The resin fine particles are added to stabilize the toner base particles formed in the aqueous medium. For this reason, it is preferable to add so that the coverage existing on the surface of the toner base particles is in the range of 10 to 90%. For example, polymethyl methacrylate fine particles 1 μm and 3 μm, polystyrene fine particles 0.5 μm and 2 μm, poly (styrene-acrylonitrile) fine particles 1 μm, trade names are PB-200H (manufactured by Kao Corporation), SGP (manufactured by Soken Co., Ltd.), Technopolymer There are SB (manufactured by Sekisui Plastics Co., Ltd.), SGP-3G (manufactured by Sokensha), Micropearl (manufactured by Sekisui Fine Chemical Co., Ltd.) and the like.
In addition, inorganic compound dispersants such as tricalcium phosphate, calcium carbonate, titanium oxide, colloidal silica, and hydroxyapatite can also be used.

  As a dispersant that can be used in combination with the above resin fine particles and inorganic compound dispersant, the dispersed droplets may be stabilized by a polymer protective colloid. For example, acrylic acid, methacrylic acid, α-cyanoacrylic acid, α-cyanomethacrylic acid, itaconic acid, crotonic acid, fumaric acid, maleic acid or maleic anhydride and other (meth) acrylic monomers containing hydroxyl groups Bodies such as acrylic acid-β-hydroxyethyl, methacrylic acid-β-hydroxyethyl, acrylic acid-β-hydroxypropyl, methacrylic acid-β-hydroxypropyl, acrylic acid-γ-hydroxypropyl, methacrylic acid-γ-hydroxy Propyl, acrylic acid-3-chloro-2-hydroxypropyl, methacrylic acid-3-chloro-2-hydroxypropyl, diethylene glycol monoacrylate, diethylene glycol monomethacrylate, glycerol monoacrylate, glycerol monomethacrylate Luric acid esters, N-methylol acrylamide, N-methylol methacrylamide, etc., vinyl alcohol or ethers with vinyl alcohol, such as vinyl methyl ether, vinyl ethyl ether, vinyl propyl ether, or compounds containing vinyl alcohol and a carboxyl group Esters such as vinyl acetate, vinyl propionate, vinyl butyrate, acrylamide, methacrylamide, diacetone acrylamide or their methylol compounds, acid chlorides such as acrylic acid chloride, methacrylic acid chloride, vinyl pyridine, vinyl pyrrolidone, vinyl Nitrogen compounds such as imidazole and ethyleneimine, or homopolymers or copolymers such as those having a heterocyclic ring thereof, polyoxyethylene, poly Xoxypropylene, polyoxyethylene alkylamine, polyoxypropylene alkylamine, polyoxyethylene alkylamide, polyoxypropylene alkylamide, polyoxyethylene nonylphenyl ether, polyoxyethylene lauryl phenyl ether, polyoxyethylene stearyl phenyl ester, polyoxy Polyoxyethylenes such as ethylene nonylphenyl ester, celluloses such as methyl cellulose, hydroxyethyl cellulose, and hydroxypropyl cellulose can be used.

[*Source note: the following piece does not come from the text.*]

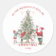 Christmas Holidays sticker with Santa, elf's and colourful tree "It the morning it will be Christmas".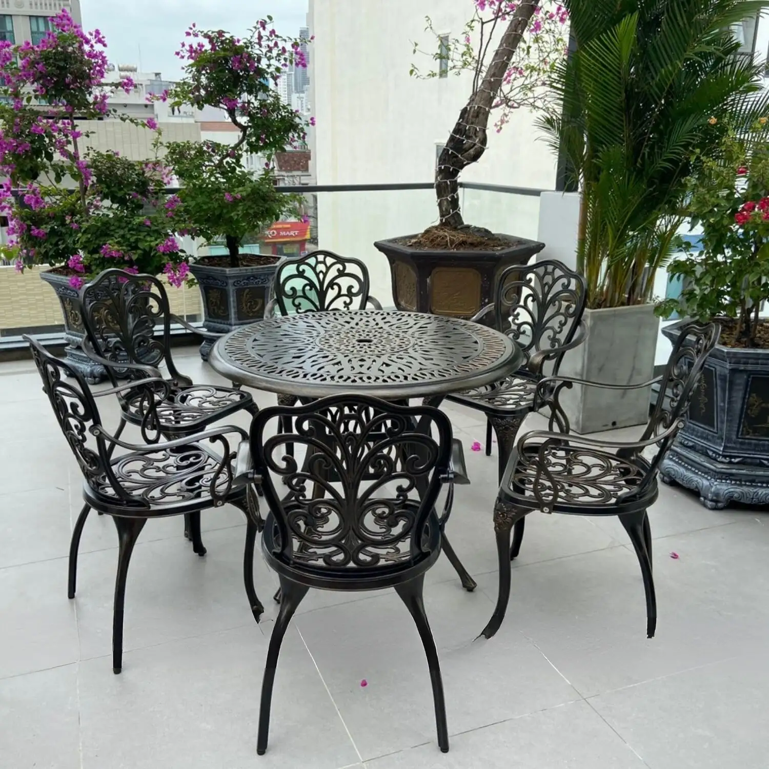 – Tên sản phẩm : Bộ Bàn Ghế Sân Vườn Nhôm Đúc D90-6GH

  The dispersion method is not particularly limited, and known equipment such as a low-speed shear method, a high-speed shear method, a friction method, a high-pressure jet method, and an ultrasonic wave can be applied. Among these, the high-speed shearing method is preferable in order to make the particle size of the dispersion 2 to 20 μm. When a high-speed shearing disperser is used, the rotational speed is not particularly limited, but is usually 1000 to 30000 rpm, preferably 5000 to 20000 rpm. The dispersion time is not particularly limited, but in the case of a batch method, it is usually 0.1 to 5 minutes. The temperature during dispersion is usually 0 to 150 ° C. (under pressure), preferably 40 to 98 ° C.

(3) At the same time as the preparation of the emulsion, the amines (B) are added to cause a reaction with the polyester prepolymer (A) having an isocyanate group.
This reaction involves molecular chain crosslinking and / or elongation. The reaction time is selected depending on the reactivity between the isocyanate group structure of the polyester prepolymer (A) and the amines (B), but is usually 10 minutes to 40 hours, preferably 2 to 24 hours. The reaction temperature is usually 0 to 150 ° C., preferably 40 to 98 ° C. Moreover, a well-known catalyst can be used as needed. Specific examples include dibutyltin laurate and dioctyltin laurate.

(4) After completion of the reaction, the organic solvent is removed from the emulsified dispersion (reactant), washed and dried to obtain toner base particles.
In order to remove the organic solvent, the temperature of the entire system is gradually raised in a laminar stirring state, and after giving strong stirring in a certain temperature range, the solvent base is removed to produce spindle-shaped toner base particles. . Further, when an acid such as calcium phosphate salt or an alkali-soluble material is used as the dispersion stabilizer, the calcium phosphate salt is dissolved from the toner base particles by a method such as dissolving the calcium phosphate salt with an acid such as hydrochloric acid and washing with water. Remove. It can also be removed by operations such as enzymatic degradation.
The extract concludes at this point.